Хемуль, который любил тишину
Жил-был хемуль. Он работал в парке аттракционов — правда, это ещё не значит, что ему жилось так уж весело. Он компостировал билеты, чтобы никто из посетителей не повеселился больше одного раза, а от такой работы, если делаешь её всю жизнь, можно очень даже запросто впасть в уныние.
Он компостировал и компостировал, а сам всё мечтал, чем займётся, когда наконец-то выйдет на пенсию.
На всякий случай, если вы вдруг не знаете, пенсия — это когда ты состарился и можешь заниматься чем хочешь в своё удовольствие. По крайней мере, так хемулю объяснили родственники.
А родственников у него было видимо-невидимо: большие, шумные, болтливые хемули, которые то и дело хлопали друг друга по спине и громко, раскатисто хохотали.
Они вместе владели парком аттракционов, а ещё играли на тромбонах, метали молот и всячески пугали народ.
Не со зла, конечно.
Хемуль не владел ничем, потому что приходился им дальней роднёй, так сказать, седьмой водой на киселе, и, поскольку не умел говорить «нет» и никогда не высовывался, он сидел с их детьми, качал большой раздувальный мех для карусели, ну и компостировал билеты.
— Всё равно ты всегда один и делать тебе нечего, — ласково говорили ему другие хемули. — Это пойдёт тебе на пользу, взбодришься немного — будешь при деле и в весёлой компании.
— Но я никогда не бываю один, — пытался объяснить хемуль. — У меня и времени на это нет. Все вокруг вечно хотят меня приободрить. Простите, но я бы так хотел…
— Вот и отлично! — отвечали родственники и хлопали его по плечу. — Так держать! Никогда не один, всегда при деле.
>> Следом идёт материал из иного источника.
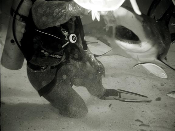 These photos were taken while on a shark dive where the dive master wore an entire suit of chain mail and fed the sharks as though they were his personal pets. Beware of dog, my eye!!!!

И хемуль возвращался к своим билетам, мечтая о бесконечном, восхитительном, тихом одиночестве и о том, как бы поскорее состариться.
Карусели кружились, трубили трубы, и каждый вечер, слетая на вагонетках с горок, пронзительно визжали гафсы, хомсы и мюмлы. Дронт Эдвард взял первый приз по битью фарфора; всюду танцы, гвалт, смех и ругань, все едят и пьют… И вскоре грустный и мечтательный хемуль стал попросту шарахаться от весёлых и шумных компаний.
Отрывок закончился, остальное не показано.